Configuration Parameters
See Helm Configuration Options for additional parameters that can also be set using Helm.
- Required Parameters
- Optional Parameters
Adjust the following values to match your environment:
Value | Description | Example(s) |
---|---|---|
${LACEWORK_SERVER_URL} | Your Lacework Agent server URL. | https://api.lacework.net https://aprodus2.agent.lacework.net https://api.fra.lacework.net https://auprodn1.agent.lacework.net |
${LACEWORK_AGENT_TOKEN} | Your Lacework Agent access token. | 0123456789abc... |
${KUBERNETES_CLUSTER_NAME} | Provide your Kubernetes cluster name as it is defined in your Cloud Provider (for example: Amazon EKS, GKE). See also How Lacework Derives the Kubernetes Cluster Name. | prd01 |
${KUBERNETES_ENVIRONMENT_NAME} | Provide a Kubernetes environment name that will be shown in the Lacework Console. This is user-defined and only essential for Workload Security integrations. | Production |
${KUBERNETES_CLUSTER_TYPE} | The Kubernetes cluster type (must be written in lower case): Amazon EKS = eks GKE = gke | eks |
${KUBERNETES_CLUSTER_REGION} | The cloud region of the Kubernetes cluster. | us-west-1 |
The following parameters are optional and not required for the installation:
Parameter | Description | Example(s) |
---|---|---|
clusterAgent.hostNetworkAccess | The Cluster Collector needs to be able to contact the Kubernetes API server, cloud provider metadata services, and Lacework APIs. By setting this option to true , the Cluster Collector pod will have access to the host network. This is needed if your pod network policies restrict access to the host network. Default is false when omitted. | true |
clusterAgent.proxyUrl | Configure the Cluster Collector to use a network proxy by setting the proxy server URL and port. The Cluster Collector will use the laceworkConfig.proxyUrl option first (if it has been set). NOTE: This option is available from Linux Agent 6.12 and above. | https://my_proxy_server:443 |
clusterAgent.image.tag | Specify a Lacework Agent tag suitable for your cluster. The default is latest when this parameter is omitted. | 5.6.0.8352-amd64 |
image.tag | Specify a Lacework Agent tag suitable for your cluster. The default is latest when this parameter is omitted. | 5.6.0.8352-amd64 |
Add these parameters when running the installation command:
helm upgrade --install --create-namespace --namespace lacework \
...
--set clusterAgent.image.tag=5.6.0.8352-amd64 \
--set image.tag=5.6.0.8352-amd64 \
...
Troubleshooting
See Kubernetes Troubleshooting for help with this integration.
Next Steps
Once integrated, you can utilize the Lacework platform in the following ways:
- View your integrated Kubernetes resources in the Resource Inventory.

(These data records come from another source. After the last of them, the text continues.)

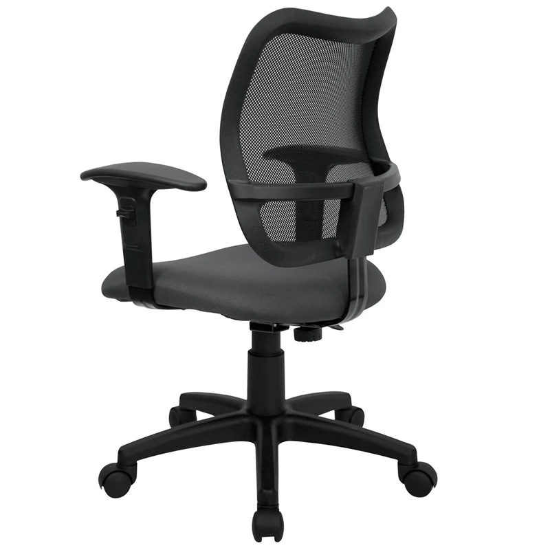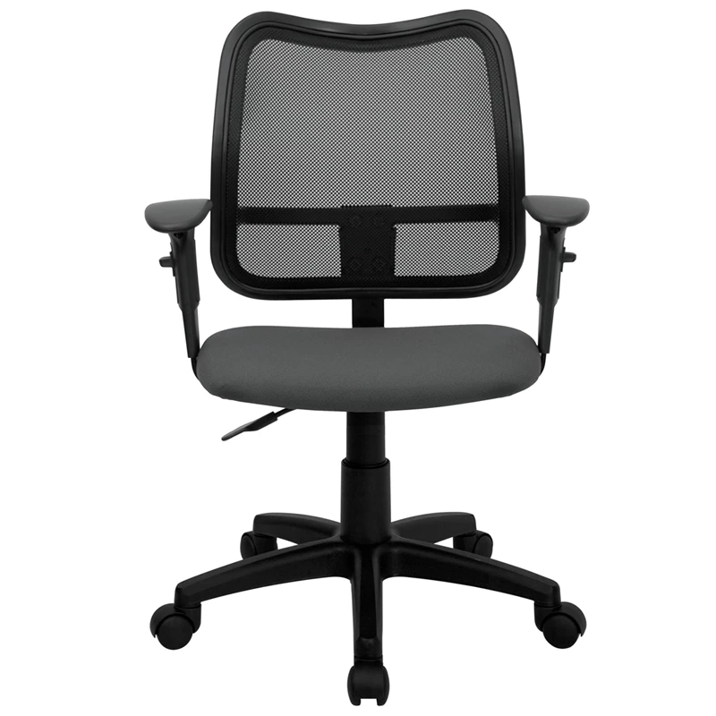 Mesh office chairs can keep you more productive throughout your work day with its comfort and ventilated design. The breathable mesh material allows air to circulate to keep you cool while sitting. Finding a comfortable chair is essential when sitting for long periods at a time. The mid-back design offers support to the mid-to-upper back region. The contoured backrest provides firm back support allowing your back to rest comfortably. The waterfall front seat edge removes pressure from the lower legs and improves circulation. Chair easily swivels 360 degrees to get the maximum use of your workspace without strain. The pneumatic adjustment lever will allow you to easily adjust the seat to your desired height. The adjustable armrests take the pressure off the shoulders and the neck, which minimizes the risk of pain. From behind the desk to the meeting room this chair can provide a seamless addition to your work space.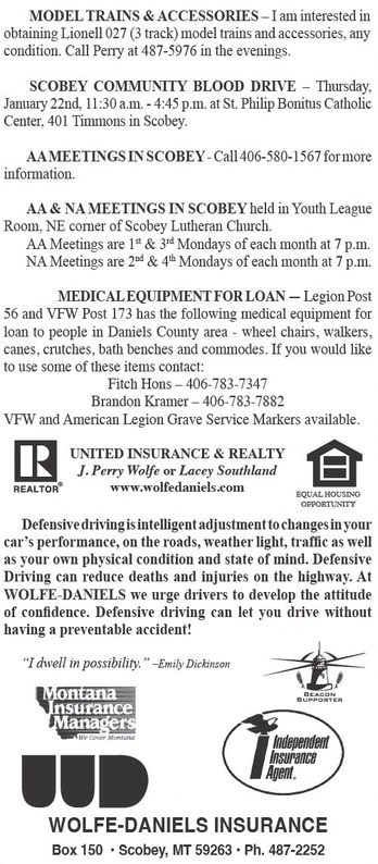 MODELTRAINS & ACCESSORIES – I am interested in obtaining Lionell 027 (3 track) model trains and accessories, any condition. Call Perry at 487-5976 in the evenings. SCOBEY COMMUNITY BLOOD DRIVE – Thursday, January 22nd, 11:30 a.m. - 4:45 p.m. at St. Philip Bonitus Catholic Center, 401 Timmons in Scobey. AAMEETINGSINSCOBEY- Call 406-580-1567 for more information. AA & NA MEETINGS IN SCOBEY held in Youth League Room, NE corner of Scobey Lutheran Church. AA Meetings are 1st & 3rd Mondays of each month at 7 p.m. NA Meetings are 2nd & 4th Mondays of each month at 7 p.m. MEDICALEQUIPMENTFORLOAN— Legion Post 56 and VFW Post 173 has the following medical equipment for loan to people in Daniels County area - wheel chairs, walkers, canes, crutches, bath benches and commodes. If you would like to use some of these items contact: Fitch Hons – 406-783-7347 Brandon Kramer – 406-783-7882 VFW and American Legion Grave Service Markers available. UNITED INSURANCE & REALTY J. Perry Wolfe or Lacey Southland www.wolfedaniels.com EQUAL HOUSING OPPORTUNITY Defensivedrivingisintelligentadjustmenttochangesinyour car’s performance, on the roads, weather light, traffic as well as your own physical condition and state of mind. Defensive Driving can reduce deaths and injuries on the highway. At WOLFE-DANIELS we urge drivers to develop the attitude of confidence. Defensive driving can let you drive without having a preventable accident! “I dwell in possibility.” –Emily Dickinson WOLFE-DANIELS INSURANCE Box 150 • Scobey, MT 59263 • Ph. 487-2252 MODELTRAINS & ACCESSORIES – I am interested in obtaining Lionell 027 (3 track) model trains and accessories, any condition. Call Perry at 487-5976 in the evenings. SCOBEY COMMUNITY BLOOD DRIVE – Thursday, January 22nd, 11:30 a.m. - 4:45 p.m. at St. Philip Bonitus Catholic Center, 401 Timmons in Scobey. AAMEETINGSINSCOBEY- Call 406-580-1567 for more information. AA & NA MEETINGS IN SCOBEY held in Youth League Room, NE corner of Scobey Lutheran Church. AA Meetings are 1st & 3rd Mondays of each month at 7 p.m. NA Meetings are 2nd & 4th Mondays of each month at 7 p.m. MEDICALEQUIPMENTFORLOAN— Legion Post 56 and VFW Post 173 has the following medical equipment for loan to people in Daniels County area - wheel chairs, walkers, canes, crutches, bath benches and commodes. If you would like to use some of these items contact: Fitch Hons – 406-783-7347 Brandon Kramer – 406-783-7882 VFW and American Legion Grave Service Markers available. UNITED INSURANCE & REALTY J. Perry Wolfe or Lacey Southland www.wolfedaniels.com EQUAL HOUSING OPPORTUNITY Defensivedrivingisintelligentadjustmenttochangesinyour car’s performance, on the roads, weather light, traffic as well as your own physical condition and state of mind. Defensive Driving can reduce deaths and injuries on the highway. At WOLFE-DANIELS we urge drivers to develop the attitude of confidence. Defensive driving can let you drive without having a preventable accident! “I dwell in possibility.” –Emily Dickinson WOLFE-DANIELS INSURANCE Box 150 • Scobey, MT 59263 • Ph. 487-2252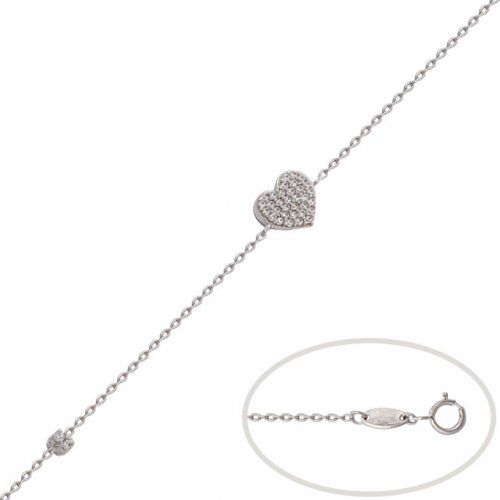 Pulsera con corazón fabricada en oro blanco de 18 kilates con circonitas. Incluye cadena forzada de 1 mm. de grosor.

- Monitoring the configuration compliance of your Kubernetes cluster and resources within the Kubernetes Compliance Dashboard.
- Enable or disable policies that are part of the compliance frameworks for Kubernetes.
- Use the Kubernetes frameworks to check whether your resources are compliant with CIS and other regulatory benchmarks.
- View the additional context provided by this integration for Attack Path Analysis to detect potential service attack paths in your environment.
- Check our Kubernetes Compliance FAQ for additional information and guidance on this integration.